For SOAP services, sgmljs.net SCA constructs service endpoint URLs from service names in deployed composites; in the SOAP example the service name is worldclock, the operation is getLocalTimeForCity, and the SCA runtime uses services/worldclock/getLocalTimeForCity as endpoint URL by default.

Endpoint references specified in the WSDL file as values to a soap:address/@location attribute are checked against these rules, but aren't enforced. The soap:operation/@soapAction WSDL attribute isn't used by sgmljs.net SCA.

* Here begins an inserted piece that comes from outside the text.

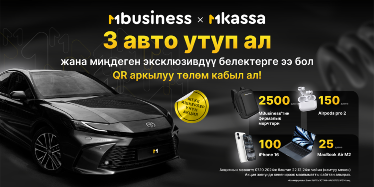 ААК «Коммерциялык банк Кыргызстан» | MBANK, MBusiness жана MKassa менен биргеликте 2024-жылдын 7-октябрынан 22-декабрына чейин созула турган ишкерлер үчүн укмуштуудай акциясын баштайт. MBusiness жана MKassa’нын QR коду аркылуу накталай эмес төлөмдөрдү кабыл алыңыз жана баалуу байгелерди утуп алуу үчүн жарышка катышыңыз!

In addition, the SOAPAction HTTP header, if it isn't empty, can be used to determine an operation name. The SOAPAction header is parsed as an URL such that the last two path steps are interpreted as service and operation name, respectively. When using SOAPAction in this way, the operation URL path step of the request/endpoint URI can be omitted, ie. only needs to contain the service name as last path step. Note that the use of SOAPAction for service and operation routing is considered legacy practice for SOAP; for sgmljs.net SCA, it is recommended to use WS-Addressing instead.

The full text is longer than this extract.